Евстафий глянул и покачал головой:

— Плох твой сыновец, Анисим.

— Плох. Неделю назад дворовые люди Светешникова привезли. Обнаружили его без памяти неподалеку от тына. Забирай, говорят, вся голова в крови. Кажись, помирает твой сродник.

— Кто ж его, бедолагу?

— И сам не ведаю, отче. Бродит одна мыслишка, но сумленье гложет. Кабы сыновец очухался. Я уж и знахарку приводил, но проку мало. Первушка, почитай, в рассудок и не приходил. Все про храмы бормочет, да про Васёнку, коя, знать, крепко поглянулась ему. Меня ж не признает. Норовил до лекаря воеводы достучаться, но тому-де недосуг. Жаль парня.

Евстафий прислонился ухом к груди Первушки, а затем произнес:

— Нутро крепкое. Сердце стучит, как молот о наковальню, а вот голову надо немешкотно пользовать. Надо бы за Волгу перебраться. Ведаю за рекой травы живительные.

— Челн всегда наготове, отче.

Добрую неделю поил Евстафий недужного пользительными настоями и отварами и подолгу молился перед киотом, прося у чудотворцев исцеления рабу Божию. Наконец, Первушка пришел в себя, молвив ослабшим голосом:

— Ты кто, старче?

— Слава тебе, Господи! — размашисто перекрестился Евстафий. — Жить будешь. Благодари Бога, что нутро у тебя крепкое. Дай-ка ему, Анисим, малость ушицы похлебать.

Через пару дней Первушка стал выходить на осеннее солнышко. Присаживался на бревно у повети и вдыхал полной грудью свежий животворящий воздух. Легкокрылый ветер лохматил его русые волосы. С высокой раскидистой березы падала наземь невесомая листва, выстилая землю мягким золотистым ковром.

Он был еще слаб, побаливала голова, но Евстафий подбадривал:

— Через седмицу в былую силу войдешь, и голова будет ясная. Божии травки лучше всякого искусного лекаря.

— И какими же травами недуг мой исцелял, старче? Или то дело потаенное?

— Всякое, что для пользы человека, сыне, не подлежит тайне. Горицветом, барвинкой да кипреем тебя пользовал. Сам когда-то травами спасался в своем лесном обиталище.

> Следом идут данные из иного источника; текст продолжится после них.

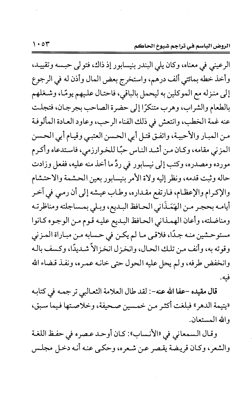 الرعيني في معناه، وكان يلي البندر بنيسابور إذ ذاك، فتولي حبسه وتقييد، وأخذ خطه بمائتي ألف درهم، واستخرج بعض المال وأذن له في الرجوع إلى منزله مع الموكلين به ليحمل بالباقي، فاحتال عليهم يومًا، وشغلهم بالطعام والشراب، وهرب متنكرًا إلى حضرة الصاحب بجرجان، فتجلت عنه غمة الخطب، وانتعش في ذلك الفناء الرحب، وعاود العادة المألوفة من المبار والأحبية، واتفق قتل أبي الحسن العتبي وقيام أبي الحسن المزني مقامه، وكان من أشد الناس حيًا للخوارزمي، فاستدعاه وأكرم مورده ومصدره، وكتب إلى نيسابور في ردِّ ما أخذ منه عليه، ففعل وزادت حاله وثبت قدمه، ونظر إليه ولاة الأمر بنيسابور بعين الحشمة والاحتشام والإكرام والإعظام، فارتفع مقداره، وطاب عيشه إلى أن رمي في آخر أيامه بحجر من الهَمَذَاني الحافظ البديع، وبلي بمساجلته ومناظرته ومناضلته، وأعان الهمذاني الحافظ البديع عليه قوم من الوجوه كانوا مستوحشين منه جدًا، فلاقى ما لم يكن في حسابه من مباراة المزني وقوته به، وأنف من تلك الحال، وانخزل انخزالًا شديدًا، وكسف باله وانخفض طرفه، ولم يحل عليه الحول حتى خانه عمره، ونفذ قضاء الله فيه.

Анисим, чиня с работником Нелидкой бредень, молвил:

— Все о лиходеях мекаю. Ужель никого не упомнишь, Первушка?

— Сумеречно было, лиц не разобрать… А вот один голос, кажись, показался мне знакомым.

— Не из дворовых сотника Акима?

Анисиму сразу втемяшилось: на сыновца напали люди стрелецкого начальника. Больше некому: уж чересчур тот племянника невзлюбил, едва в железа не заковал. И чего Первушка со сватовством сунулся? Ведь упреждал же его: не будет проку, не нужны сотнику людишки из черни. Отступись! Вот и получил на орехи, едва Богу душу не отдал… От воеводы Борятинского приказчик наведывался. «Чего это печник свое дело забросил? Зазимье на носу». Пришлось недужного Первушку показать. Приказчик сулил обо всем воеводе доложить, дабы тот сыск учинил. Но никакого сыска по всему так и не было. Да и какой сыск, когда сотник с воеводой за одним столом разносолы вкушают? Рука руку моет.

Первушка на вопрос Анисима лишь плечами пожал.

— Темное дело.

…………………………………………………

Всполошились печники! Ни весть откуда взявшийся каменщик Надея Светешникова, вдруг отбил у них всякую работу. Никаких заказов! Людишки только и талдычат: «Печнику Первушке поклонимся. Он диковинные печи ставит и денег с бедняков мало берет». (О том, как Первушка чуть ли не задаром выложил печь одному рыбарю, заговорил весь Ярославль).

Печников зло проняло. Дело дошло до того, что собрались на сход, долго гомонили, но ничего толком не решили: Первушке печки ставить не запретишь, но и без работы оставаться нельзя. И не ведали они, чем бы дело закончилось, если бы один из печников не столкнулся со своим сродником Гришкой Каловским. Тот, не долго думая, произнес:

— Ведаю сего каменщика. В монастыре сталкивались. Худой человек, к ногтю его.

Злопамятный Гришка никак не мог забыть встречу с Первушкой в Спасо-Преображенской обители.

— Как это «к ногтю?» — не уразумел печник.

— Проучить надо, да так, чтобы про печки и думать запамятовал. Шмякнуть дубиной — и дело с концом.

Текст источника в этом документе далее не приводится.